Let the number be ab & cd. As per the given question,

10a + b - 10c - d = k
10a + d - 10c - b = k -4

Subtracting above two equations we have,

b - d = 2. Now, In any case the last digit difference will be 2. Only one option is there containing 2 as last digit.

Hence, C.

Am I missing something? The question says they exchange their tens digit. Would that not be their ones digit that is being exchanged?

ScottTargetTestPrep Bunuel

Yes and no. Their ones digits remain the same. Only their tens digits are exchanged. For example, if the old pair of the numbers are 15 and 24, then the new pair of numbers are 25 and 14.

Now, as you can see, one might argue that their ones digits are also exchanged. However, that is only true because their tens digits are exchanged. That is, if you consider that the tens digits are being exchanged, then you must consider that the units digits are being fixed, and vice versa, if you consider that the units digits are being exchanged, then you must consider that the tens digits are being fixed.

I was a bit confused with the last step here.

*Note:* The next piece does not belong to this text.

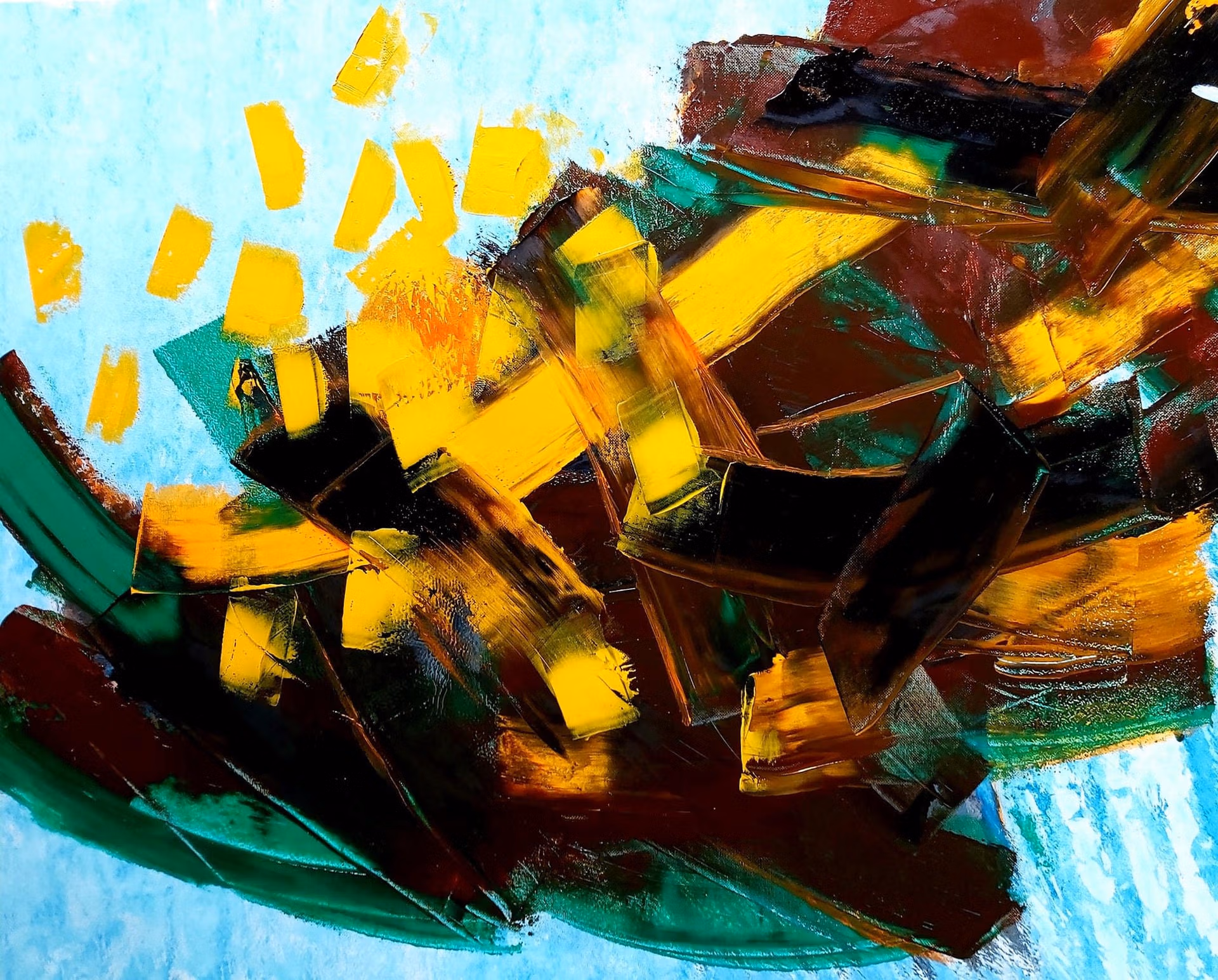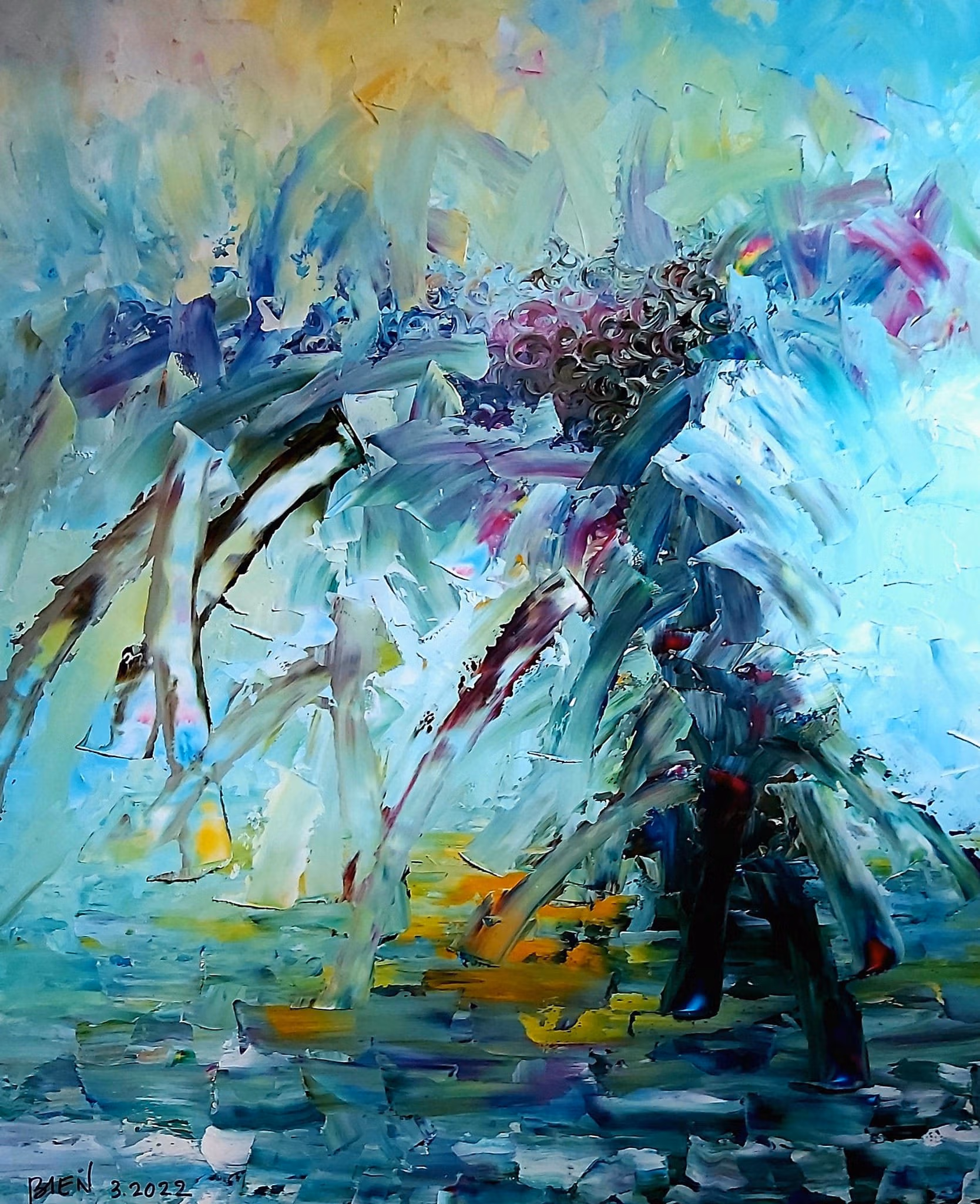 Sắc độ tươi mới mềm mại hòa sắc trong nỗi xao xác tâm hồn. Và tôi đã bị chìm ngập trong không gian trừu tượng đầy đam mê của tranh Võ Trịnh Biện.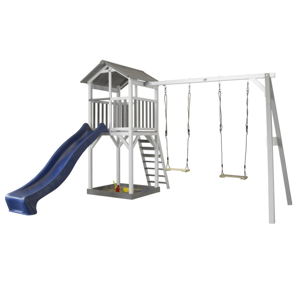 Skluzavka v délce 220 cm poskytne dětem nezapomenutelný zážitek z jízdy. Na hracím hřišti se nachází dvě houpačky.

What are the constraints on the numbers we must choose to determine that the original difference would be 78?

I also solved as (10a + b) - (10c +d) = 10c+b - (10a+d) + 4 to produce (10a -10c) = 2

According to our calculations, as long as the difference between the units digits is 2, the condition of "the difference between the original difference and the difference of the exchanged numbers is 4" is satisfied. That's the constraint of the units digit. For instance, 75 and 43 also satisfy that condition, but those numbers will not give you the greatest possible difference. In order to find "the greatest possible difference", the tens digit of the greater number must be 9 and the tens digit of the smaller number must be 1. As long as these two consitions are satisfied, you can choose any numbers you want (such as 92 and 10, 93 and 11, 94 and 12 etc.) The original difference is always 82 and the new difference is always 78.

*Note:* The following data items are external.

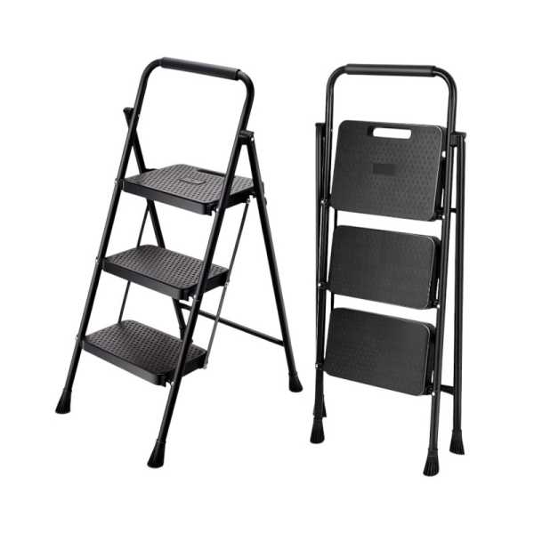 Πτυσσόμενη σκάλα 3 σκαλιών, με στιβαρή σιδερένια κατασκευή, και εύκολη αποθήκευση. Διαστάσεις (Υ-Π): 121*45 cm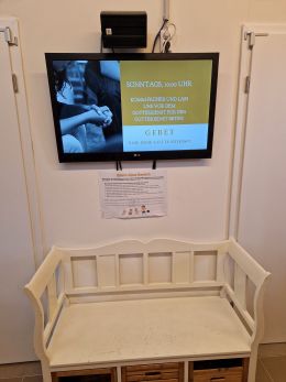 Rechts vom Eingang geht es durch einen Flur zu einem zweiten Kinderraum, in dem während der Predigt die Kinder von 3 bis 6 Jahren ihre Sonntagsschule haben. Im Flur ermöglicht dieser Bildschirm, den Gottesdienst zu verfolgen, so wenn Babys gefüttert werden.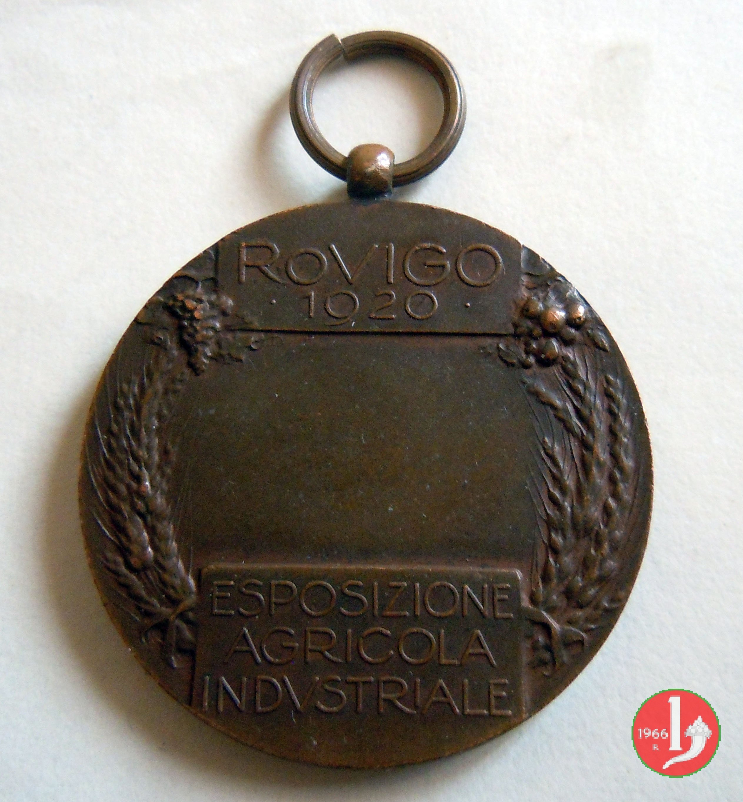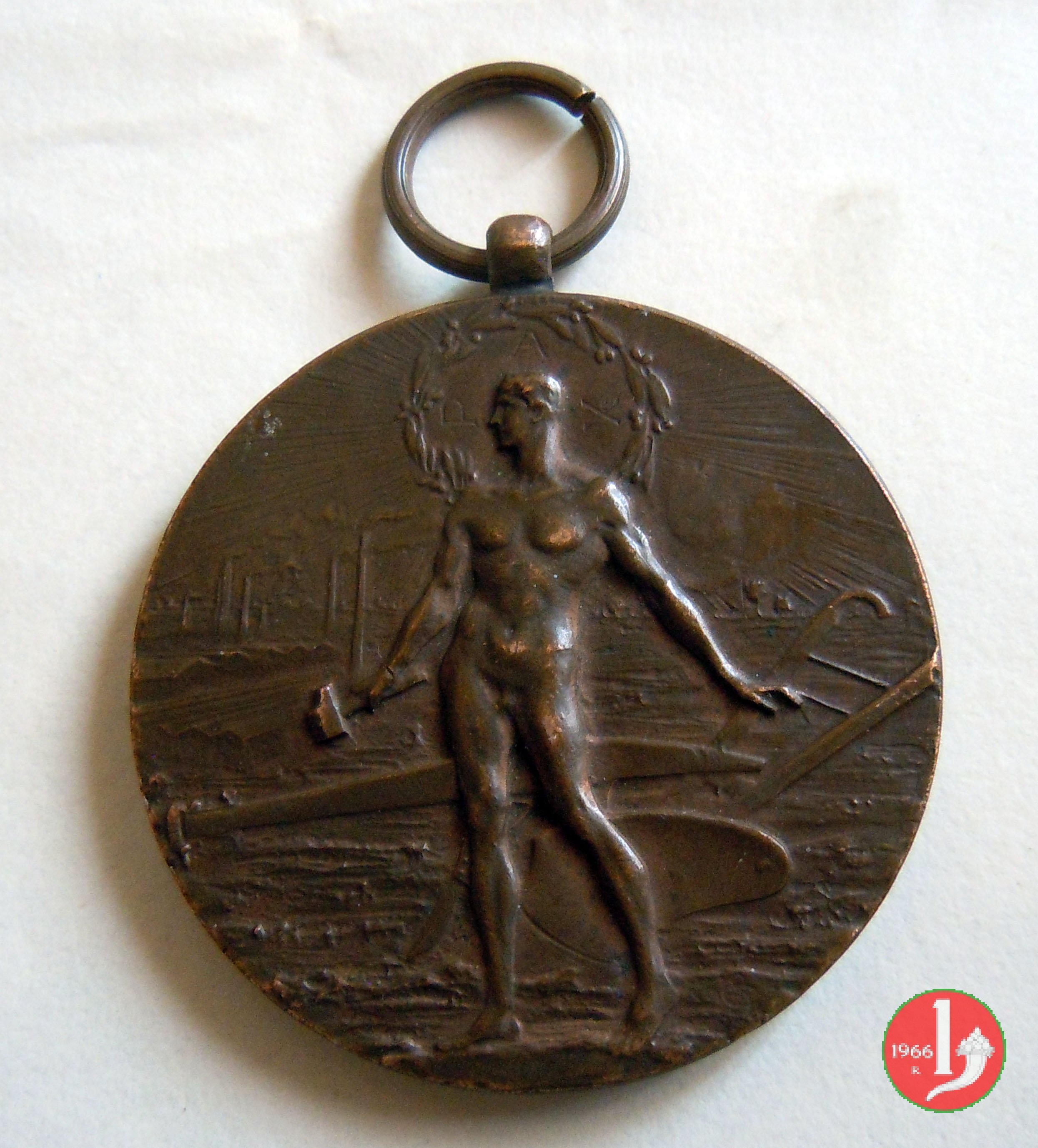 Esposizione Agricola Industriale 1920 Dritto: uomo nudo, in piedi, di fronte, volto a sx, regge martello sul contorno della testa: serto d'alloro raggiante con PAX sullo sfondo: aratro rivolto verso sx e paesaggio industriale in lontananza campo vuoto tra spighe legate da nastro in basso e fermate da targa su cui: ESPOSIZIONE = AGRICOLA = INDVSTRIALE |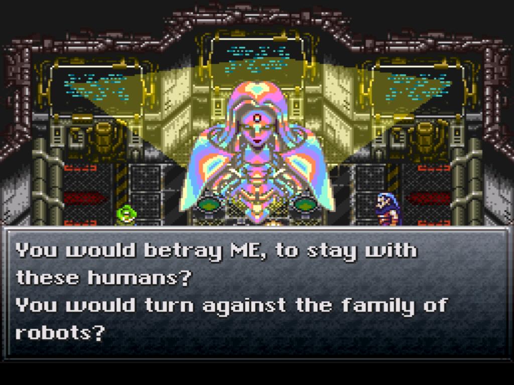 Yes, robots can have issues, especially if your mom is named Mother Brain and wants to take over the world. Robo was created for the sole purpose of destroying humans, but he experienced robot amnesia and forgot all that and instead tried to save humans. This created quite the conundrum later on when he met his sister/girlfriend/robot Atropos in the Geno Dome who still wanted to destroy all humans.
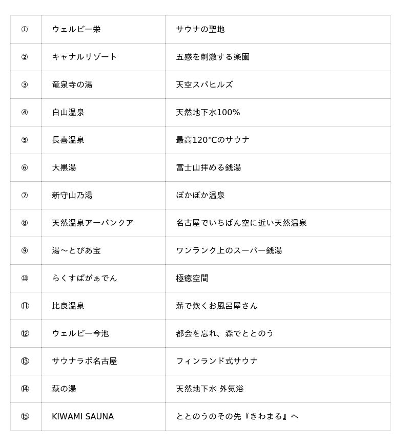 今回のキャンペーンでは、120℃の高温サウナを誇る「長喜温泉」、富士山を臨める「大黒湯」、薪で炊く昔ながらの「比良温泉」、フィンランド式にこだわる「サウナラボ名古屋」など、個性豊かな施設が参加。それぞれの施設で異なるサウナ体験を楽しみながら、名古屋のまちを巡ることができます。
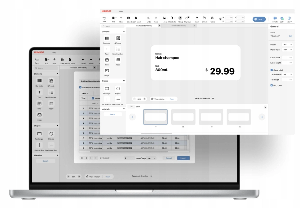 Drukarka jest dziecinnie prosta w obsłudze — włączasz ją przytrzymując przycisk, uruchamiasz aplikację, projektujesz etykietę i drukujesz.

In your equation, if 10a + b is the greater number, then after the switch is made, 10a + d will be the greater number; hence the right hand side of your equation should be (10a + d) - (10c + b) + 4.

Hi All,

We're told that if two 2-digit positive integers have their respective TENS digits exchanged, the difference between the pair of integers changes by 4. We're asked for the GREATEST possible difference between the original pair of integers. There are a few different ways to approach this question (and some of them are incredibly "step heavy"). Thankfully, we can solve it rather easily by TESTing THE ANSWERS.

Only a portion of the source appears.